Once the line containing "Póster personalizado de" is reached, copy it and every line after it exactly, to the end of the material, without pictures.

------ COLLECTED DATA

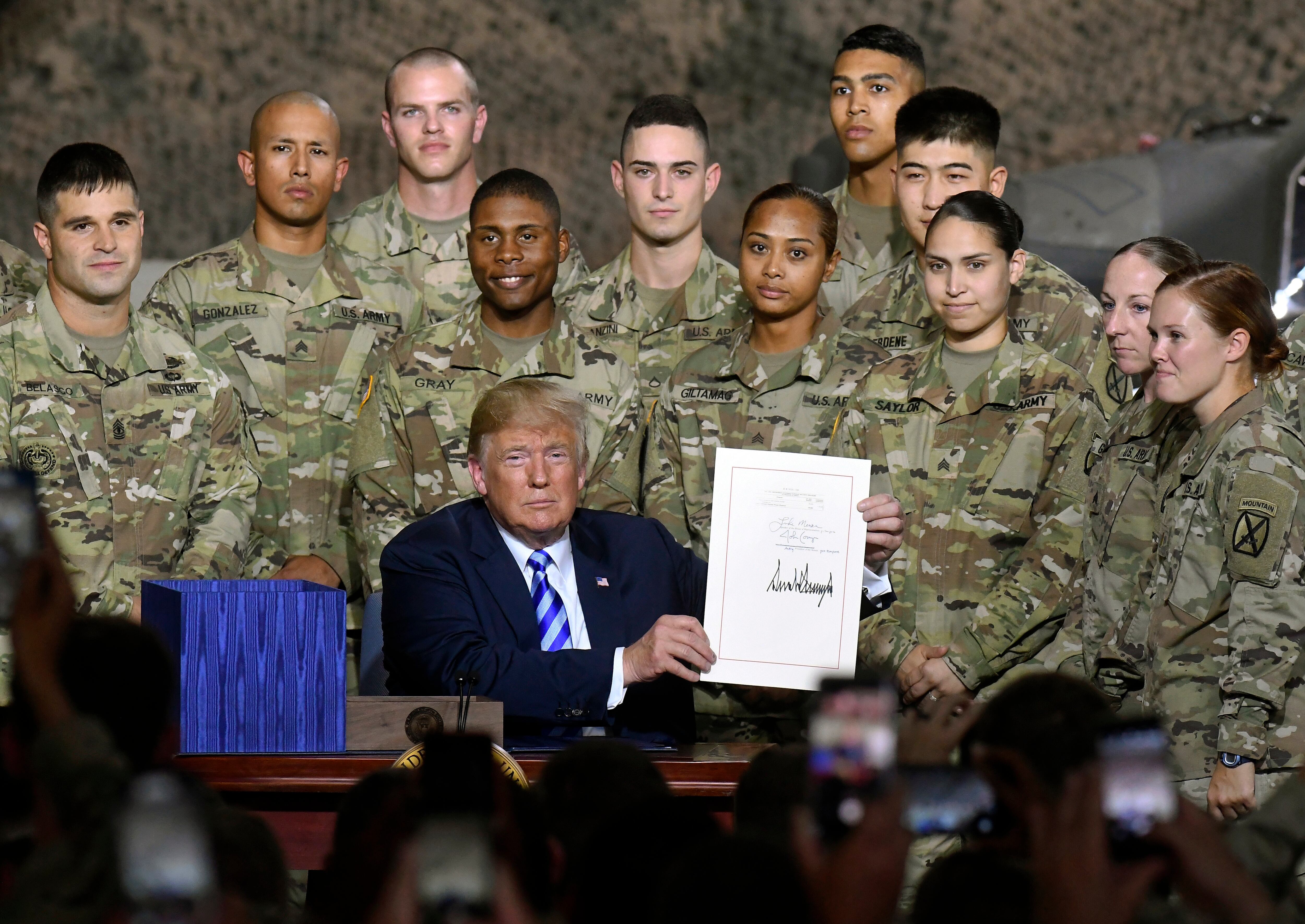Vice President Mike Pence, the Joint Chiefs of Staff and Deputy Defense Secretary Patrick Shanahan attended the event — and more than a dozen uniformed soldiers flanked Trump as he signed the bill.
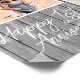 Póster personalizado de collage de 2 fotos para el primer aniversario de bodas. Cuenta con una imagen de fondo de madera gris y se puede personalizar con las iniciales de la pareja o cualquier texto personalizado para celebrar su primer año de casados.
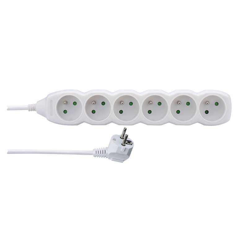 Prodlužovací kabel s 6 zásuvkami. Délka prodlužovacího kabelu je 2 m. Prodlužovací kabel nemá vypínač. Prodlužovací kabel má všestranné využití v domácnosti. Barevné provedení prodlužovacího kabelu je bílá.
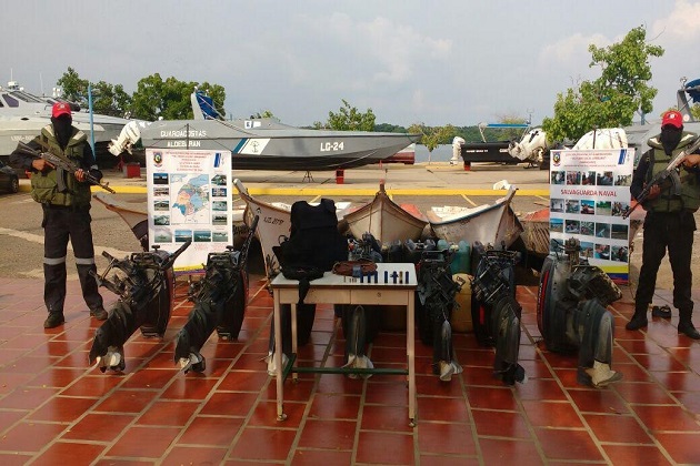 El personal militar halló en estas lanchas un chaleco antibalas, 3 casquillos de 9 milímetros percutidos, 1 casquillo de 38 milímetros sin percutir, 7 municiones de 12 milímetros y 1 teléfono celular marca Nokia con línea telefónica de la empresa Movistar.

------------

:: YOUR RESPONSE ::
 Póster personalizado de collage de 2 fotos para el primer aniversario de bodas. Cuenta con una imagen de fondo de madera gris y se puede personalizar con las iniciales de la pareja o cualquier texto personalizado para celebrar su primer año de casados.
 Prodlužovací kabel s 6 zásuvkami. Délka prodlužovacího kabelu je 2 m. Prodlužovací kabel nemá vypínač. Prodlužovací kabel má všestranné využití v domácnosti. Barevné provedení prodlužovacího kabelu je bílá.
 El personal militar halló en estas lanchas un chaleco antibalas, 3 casquillos de 9 milímetros percutidos, 1 casquillo de 38 milímetros sin percutir, 7 municiones de 12 milímetros y 1 teléfono celular marca Nokia con línea telefónica de la empresa Movistar.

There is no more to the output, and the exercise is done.